If King Kong is to be read as analogous to Frankenstein, Denham is attempting to usurp the power of Nature by capturing Kong. This view becomes problematic when it is made clear that Nature is not considered a Female force, as in Frankenstein, but rather a Male force. When Kong is brought to New York, he is robbed of his power. As when Samson's hair was cut, Kong is trapped by his lust and his Male vitality is stripped.
Is Kong a tragic hero? When Bruce Baxter says heroes don't look like movie stars, rather, they have pot bellies and bad teeth (as does Kong;) the movie seems to say that Kong is meant to be read as a hero. This becomes problematic, though, because Kong doesn't die sacrificing himself for any cause or belief; rather, he dies because he has been emasculated.

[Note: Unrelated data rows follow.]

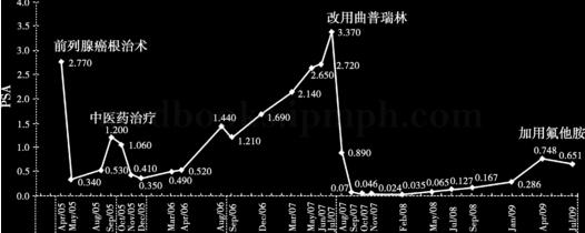 临床实际治疗方案:当年按照术后血PSA连续两次大于0.2ng/ml即判定为生化复发的标准,我们判定该患者为生化复发,考虑患者术后2个月即出现生化复发,且该例患者手术标本完整,切缘阴性,我们排除了局部复发的可能,考虑为远处转移,但当时困惑我们的是在骨扫描及腹部CT检查中我们未发现肿瘤,因此我们首先建议患者行内分泌治疗,但由于患者为50岁,有性功能方面的要求,患者被转诊到某中医医院行中草药治疗,具体方案为:西黄解毒丸+软坚消瘤片+草药方剂。期间监测睾酮水平正常,但自2005年10月至2007年7月,患者的PSA逐渐由0.35ng/ml升至3.37ng/ml,期间多次复查骨扫描及下腹、盆腔CT均未发现异常。转回我院后,我们考虑患者可能存在远处转移,给予曲普瑞林3.75mg,肌内注射1次/28天,患者的PSA迅速降为0.071ng/ml,并维持在较低水平,自2009年4月PSA升至0.748ng/ml,开始给患者加用氟他胺0.25g,1天3次。患者目前仍在随访中。患者治疗过程中的PSA变化见图39-1。
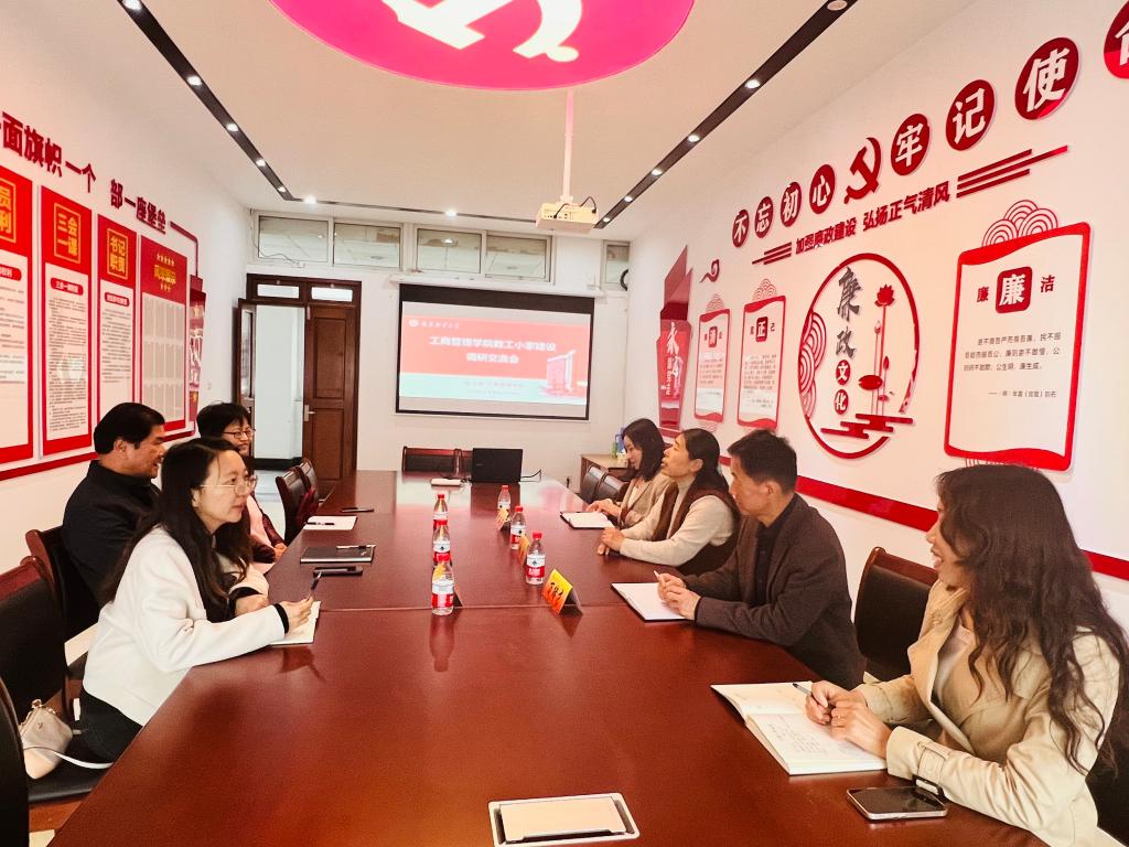 党委书记张杰、院长万绪才、党委副书记尹海燕以及分工会主席冯玲进行座谈。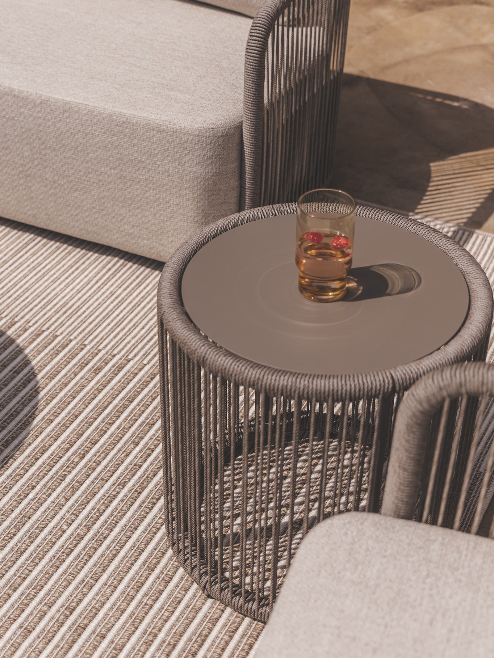 Bacalar coffee and side tables expertly combine contemporary design with natural textures. Durable aluminium provides a sleek tabletop, while elegant PET wicker rope detailing forms the body of the tables, adding a warm, artisanal touch. Lightweight yet sturdy, these fully outdoor accents are ideal for open-air entertaining or everyday use.

Does this, then, mean that King Kong is a misogynist movie? If, as Denham puts it, "It was beauty killed the beast," that may be the case. Maybe the answer lies in Heart of Darkness. I wouldn't know, I haven't read it.
Also, are the mindless evil natives of Skull Island to indicate an ethnocentrism on the part of the filmmakers? I'd argue no, owing to the awareness of this sort of stereotyping demonstrated by the actors in blackface in the theatre scene at the end.
That's right, bitches, a pseudo-scholarly analysis of King Kong.